The distance (in feet) of an object from a point is given by s(t)=3t2−5, where t is in seconds. Round your answer to two decimal places.
1. What is the average velocity of the object between t=1 and t=8.5?
2. By using smaller and smaller intervals around 1, estimate the instantaneous velocity at time t=1.
(tried several different ways and can't seem to get it right! Appreciate the help in advance!!)
s(t) = 3t^2 − 5
I assume you mean location is s, not distance, because it is negative at t = 0
s(8.5) = 3* 8.5^2 - 5 = 211.75
s(1) = 3-5 = -2
distance moved in 7.5 seconds = 213.75
average velocity = 213.75 / 7.5 = 28.2 ft/s
for part b I will take the derivative
ds/dt = 6 t
at t = 1, velocity = 6 * 1 = 6 ft/s
your way"
t = 1
s = 3 * 1^2 - 5 = -2
at t = 1.1
s = 3 *1.1^2 - 5 = -1.37
av speed = (-1.37 - -2) / 0.1
= 0.63 /9.1 = 6.3
well the real answer is 6 so close
now try t = 1.01 :)
for all such average problems, use the difference quotient
(f(t+h) - f(t)) / h
If you think you're stuck, show some work.
To find the average velocity between t=1 and t=8.5, we can use the formula:
Average Velocity = (Change in Distance) / (Change in Time)
1. Average Velocity between t=1 and t=8.5:
s(8.5) = 3(8.5)^2 - 5 = 232.25 feet
s(1) = 3(1)^2 - 5 = -2 feet
Change in Distance = s(8.5) - s(1) = 232.25 - (-2) = 234.25 feet
Change in Time = 8.5 - 1 = 7.5 seconds
Average Velocity = 234.25 / 7.5 ≈ 31.23 feet/second
2. To estimate the instantaneous velocity at t=1, we can use smaller intervals around t=1. Let's choose an interval of 0.1 seconds before and after t=1.
s(1.1) = 3(1.1)^2 - 5 = -1.69 feet
s(0.9) = 3(0.9)^2 - 5 = -2.79 feet
Change in Distance = s(1.1) - s(0.9) = -1.69 - (-2.79) = 1.1 feet
Change in Time = 1.1 - 0.9 = 0.2 seconds
Instantaneous Velocity ≈ Change in Distance / Change in Time ≈ 1.1 / 0.2 ≈ 5.5 feet/second
Therefore, the estimate of the instantaneous velocity at t=1 is approximately 5.5 feet/second.
To find the average velocity of the object between t = 1 and t = 8.5, you need to calculate the change in distance divided by the change in time.

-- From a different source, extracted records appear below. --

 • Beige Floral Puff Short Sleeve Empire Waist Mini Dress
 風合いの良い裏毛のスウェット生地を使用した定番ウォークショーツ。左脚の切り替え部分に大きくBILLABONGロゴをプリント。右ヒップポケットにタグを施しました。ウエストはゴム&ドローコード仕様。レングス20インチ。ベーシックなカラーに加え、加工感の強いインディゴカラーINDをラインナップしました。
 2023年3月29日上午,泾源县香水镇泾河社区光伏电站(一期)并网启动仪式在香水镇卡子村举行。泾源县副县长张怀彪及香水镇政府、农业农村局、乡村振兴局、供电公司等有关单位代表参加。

1. Average velocity between t = 1 and t = 8.5:
To find the change in distance, subtract the distance at t = 1 from the distance at t = 8.5:
s(8.5) - s(1) = (3(8.5)^2 - 5) - (3(1)^2 - 5)
Evaluate this expression:
s(8.5) - s(1) = (3(72.25) - 5) - (3 - 5)
s(8.5) - s(1) = (216.75 - 5) - (-2)
s(8.5) - s(1) = (211.75) - (-2)
s(8.5) - s(1) = 213.75
Now, find the change in time by subtracting the initial time from the final time:
8.5 - 1 = 7.5
Finally, calculate the average velocity by dividing the change in distance by the change in time:
average velocity = (distance change) / (time change)
average velocity = 213.75 / 7.5
average velocity ≈ 28.5 ft/s (rounded to two decimal places)

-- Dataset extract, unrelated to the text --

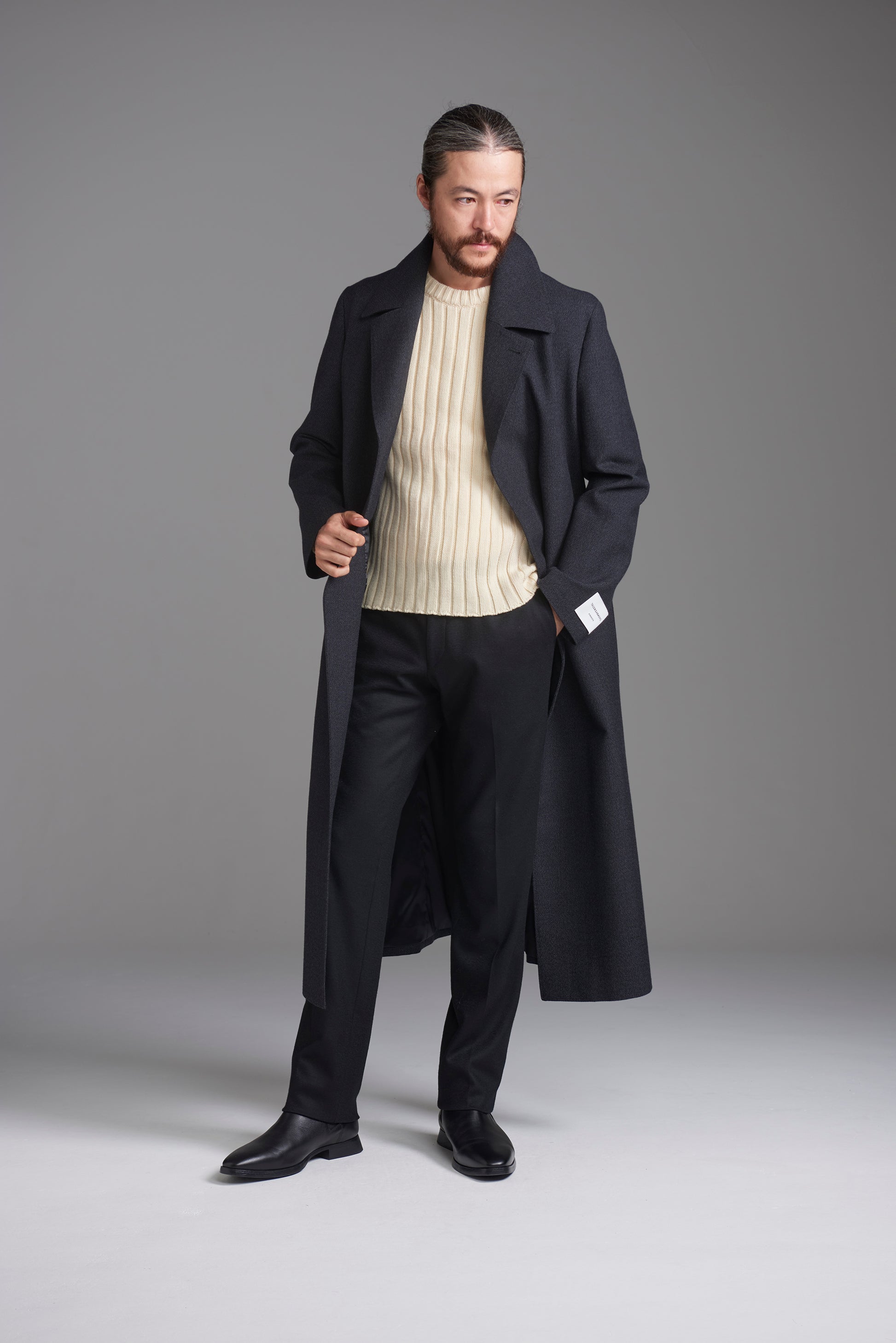 存在感のあるコートなので、甘く見えやすいローゲージニットコーデをビシッと引き締めるのも良いですし、しっかり見える生地感を活かしたビジネスコーデにもおすすめです。

2. Estimating instantaneous velocity at t = 1:
To estimate the instantaneous velocity at t = 1, you need to take smaller and smaller intervals around t = 1. We can use a numerical approach to estimate it.
Choose smaller intervals around t = 1, such as t = 1.1, t = 1.01, t = 1.001, and so on. The smaller the interval, the closer the instantaneous velocity estimate will be to the actual value.
For example, let's calculate the average velocity between t = 1 and t = 1.1:
s(1.1) - s(1) = (3(1.1)^2 - 5) - (3(1)^2 - 5)
Evaluate this expression:
s(1.1) - s(1) = (3(1.21) - 5) - (3 - 5)
s(1.1) - s(1) = (3.63 - 5) - (-2)
s(1.1) - s(1) = (3.63) - (-2)
s(1.1) - s(1) = 5.63
Now, find the change in time:
1.1 - 1 = 0.1
Calculate the average velocity:
average velocity = (distance change) / (time change)
average velocity = 5.63 / 0.1
average velocity = 56.3 ft/s (rounded to two decimal places)
Repeat this process with smaller intervals if you want a more accurate estimate of the instantaneous velocity at t = 1.